Copy the final lines exactly, starting at the one that contains "본 포스팅에서는 기본" and ending with the last line of the listing below. Pictures are not part of the copy.

*DATA BLOCK:*
★ ★ ★ ★ ★ ★ ★
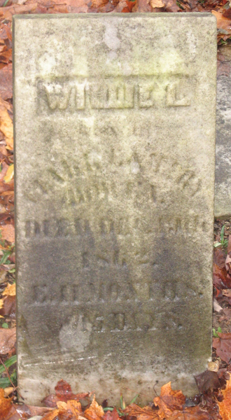 he is buried with his mother. Inscription: Willie L. / son of / Clark F. & Mary / Bowen / Died Dec. 19, / 1862 / E. 11 months / & 15 days.1  Tombstone, Willie L. Bowen (1861-1862). East Otto Cemetery, Cattaraugus County, New York.
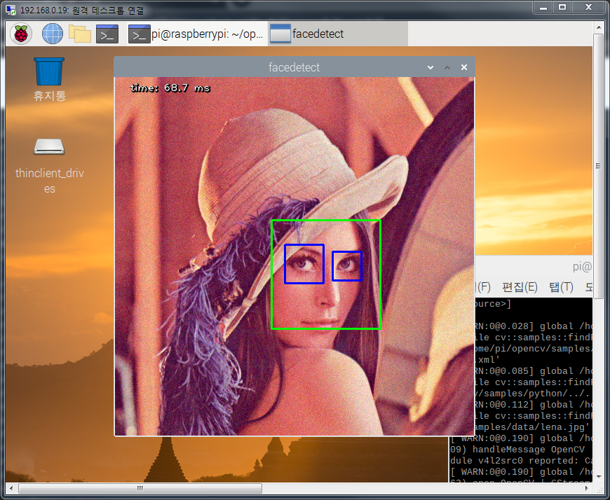 본 포스팅에서는 기본 예제 코드를 실행하여 정상 작동되는지를 확인해보겠습니다. 이미지 속 얼굴을 인식하여 얼굴과 눈을 표시해주는 기본 프로그램을 실행해보겠습니다. 기본 샘플 예제코드들은 /home/pi/opencv/samples/python 디렉토리에 있습니다.
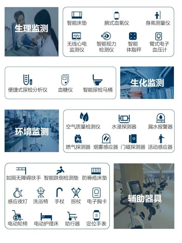 派博的智慧養(yǎng)老“4+3”模型中,“4”代表著四大品類硬件,即生理監(jiān)測(cè)、生化監(jiān)測(cè)、環(huán)境監(jiān)測(cè)、輔助器具,對(duì)應(yīng)的具體產(chǎn)品如下:
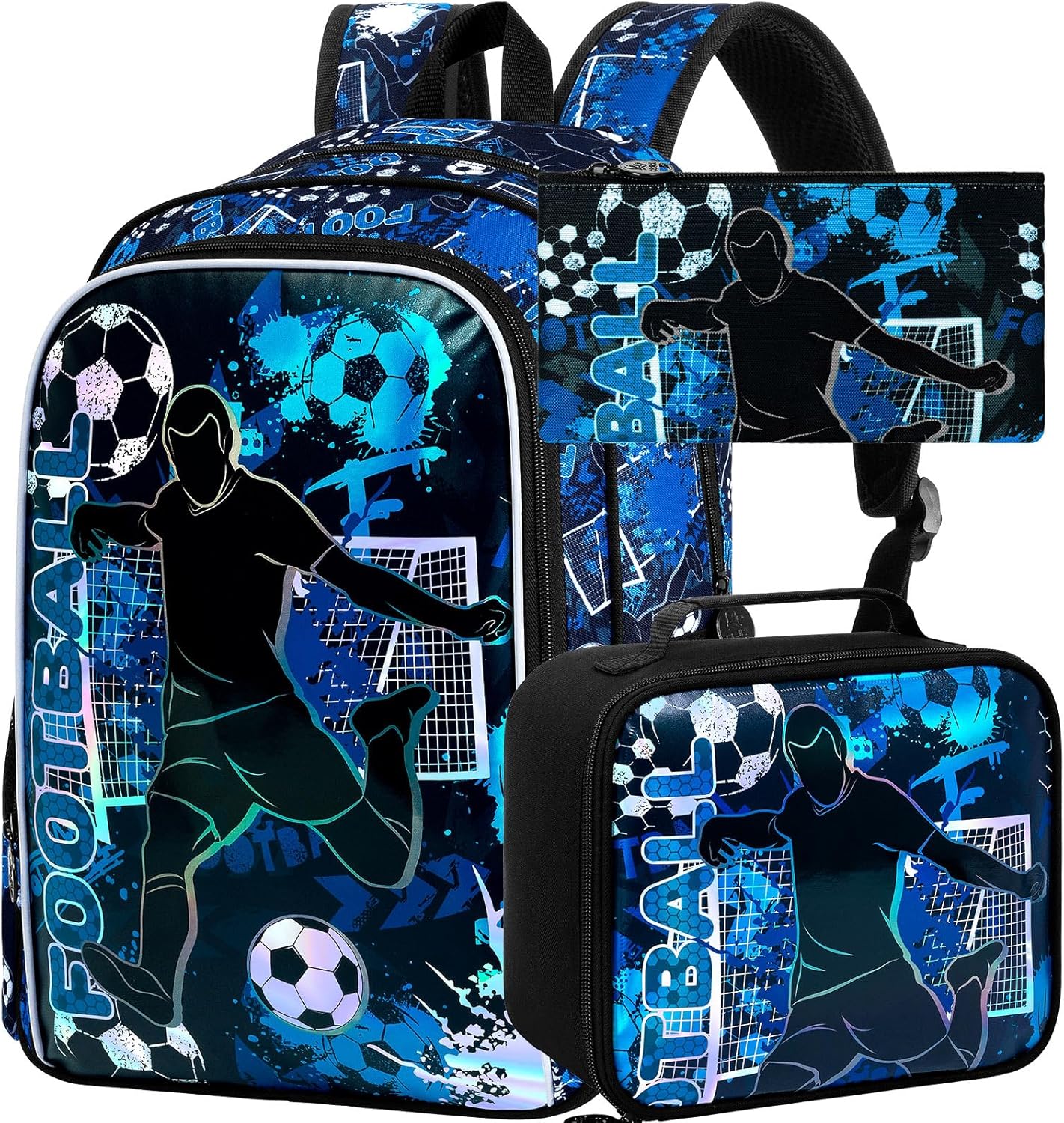 - Boys Backpack 3 in 1: The boys bookbag set with football UV printing, inclduing boy backpack: 17 "x 12" x 6 ", lunch box: 9.7 "x 8.5" x 4 ", pencil bag: 9 "x 4.7" x 0.5", ideal for primary and secondary school students.
★ ★ ★ ★ ★ ★ ★
*SOLUTION:*
 본 포스팅에서는 기본 예제 코드를 실행하여 정상 작동되는지를 확인해보겠습니다. 이미지 속 얼굴을 인식하여 얼굴과 눈을 표시해주는 기본 프로그램을 실행해보겠습니다. 기본 샘플 예제코드들은 /home/pi/opencv/samples/python 디렉토리에 있습니다.
 派博的智慧養(yǎng)老“4+3”模型中,“4”代表著四大品類硬件,即生理監(jiān)測(cè)、生化監(jiān)測(cè)、環(huán)境監(jiān)測(cè)、輔助器具,對(duì)應(yīng)的具體產(chǎn)品如下:
 - Boys Backpack 3 in 1: The boys bookbag set with football UV printing, inclduing boy backpack: 17 "x 12" x 6 ", lunch box: 9.7 "x 8.5" x 4 ", pencil bag: 9 "x 4.7" x 0.5", ideal for primary and secondary school students.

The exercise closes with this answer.